Rituximab-led immunochemotherapy almost doubles remission for leukaemia patients
A new "immunochemotherapy" treatment combination allows people with the most common form of leukaemia to almost double their chance of achieving a complete remission, compared with those treated with chemotherapy alone.
A new ‘immunochemotherapy’ treatment combination allows people with the most common form of leukaemia to almost double their chance of achieving a complete remission, compared with those treated with chemotherapy alone.
One study of 817 previously untreated CLL patients (CLL-8 trial) showed that adding rituximab (MabThera) to chemotherapy (a combination known as R-FC) meant they were almost twice as likely to achieve complete remission compared with those treated with chemotherapy (FC) alone.
In a separate study (REACH), the same immunochemotherapy combination was shown to stop the disease in relapsed patients for an additional 10 months when compared with FC chemotherapy alone. In this study, complete remission rates were also nearly doubled in the R-FC arm.
Results from both studies were announced at the American Society of Haematology annual meeting in San Francisco.
Professor Andrew Pettitt, consultant haematologist at Royal Liverpool University Hospital and a UK investigator in the REACH study, said: ‘These results represent a significant advance, and will change the way we approach the treatment of CLL.’

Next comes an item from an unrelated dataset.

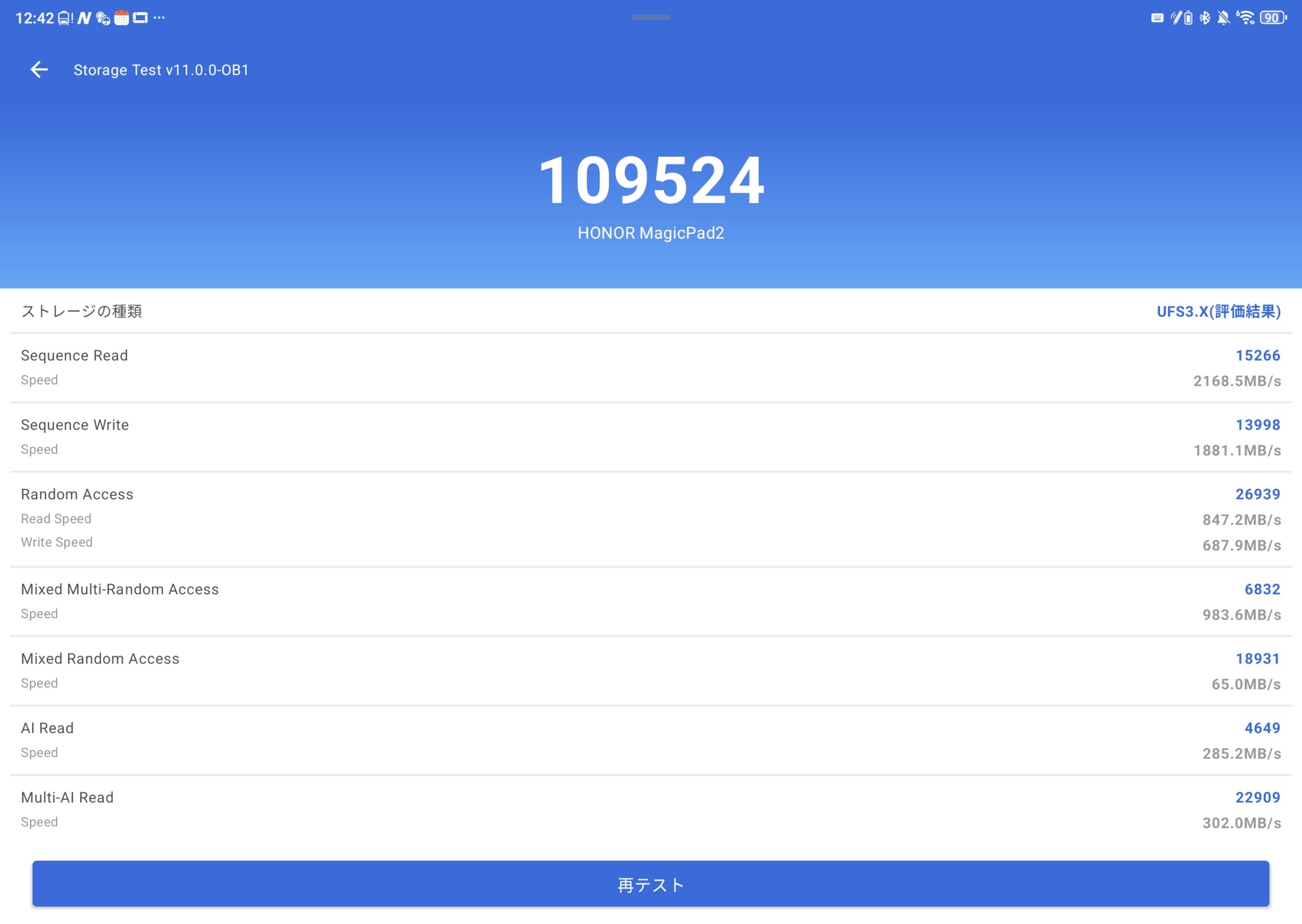 ストレージ性能をAntutu Storage Test(V11.0.0)で測定。シーケンシャルリードは2,168.5MB/s、シーケンシャルライトは1,881.1MB/sを記録し、大容量ファイルの転送でも高速に転送できることを確認。ランダムアクセスはリード847.2MB/s、ライト687.9MB/sで、アプリの動作速度やシステム全体のレスポンスの面でも十分な速度を確保。混合マルチランダムアクセスは983.6MB/s、混合ランダムアクセスは302.0MB/sを記録し、マルチタスク環境でも快適に使用できる実力です。

CLL is the most common form of leukaemia and there are an estimated 3,400 new cases each year. The disease is twice as common in men as in women, with incidence rapidly increasing after the age of 50.
Rituximab is not currently licensed for the treatment of CLL. A European marketing licence application was filed for previously untreated patients with CLL in July 2008. If the licence application is successful, rituximab should be available for this group of UK CLL patients in the first half of 2009.